El martes salí del curro y vi que me habían mangado la moto. A los dos minutos descubrí que la habían movido unos 100 metros y la habían intentado arrancar. Como no lo consiguieron, decidieron arrancar otra cosa, en este caso el plástico frontal que protege los cables, procediendo a trastear con los cables e inhabilitándola por completo. Un desastre, vaya. La reparación me va a costar 37 euros. Pienso que por ese precio en un coche ni te vacían los ceniceros, y que la más mínima rayita te cuesta 300 euros de quitar. La moto gana.
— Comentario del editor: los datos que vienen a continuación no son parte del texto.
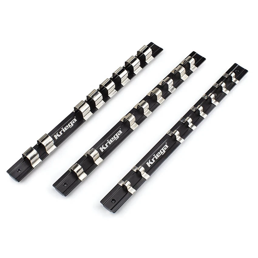 Add additional socket rails to your Roland Sands Design X Kriega Roam Tool Roll. Simply mount on the Tool Roll with screws included. 6061-T6 alloy rail with 8 socket clips.

Por supuesto, no le deseo nada malo al hijolagranputa que me lo hizo. Sólo le deseo que tenga un trabajo que le dure por siempre, lo normal, trabajando 40 horas y cobrando el salario mínimo. Le deseo que encuentre al amor de su vida lo más pronto posible, que se case joven, con 18 como mucho y que tenga hijos. Muchos. Todos los que le quepan. Y que no se le vayan de casa, que es lo normal. Le deseo también unos suegros que le quieran mucho, que estén todo el día en su casa. Le deseo unos hijos sanos, sin enfermedades raras, sólo caries, miopía y lo normal, y que cuando tengan 13 empiecen a salir por ahí, a beber y a drogarse, que es lo normal, vaya, y que las chicas se queden embarazadas jóvenes, que es muy bonito el amor adolescente. Para él le deseo que muera de lo normal: un cancer, un infarto, ya saben, lo normal en estos casos, para que toda la familia, los 18, estén con él al lado de la cama de su casa, que ni siquiera habrá terminado de pagar cuando eso suceda. Lo normal, caramba.

Buen karma.

Número de familiares en el extranjero: 1. ¿Te hace la porra que te he mandado?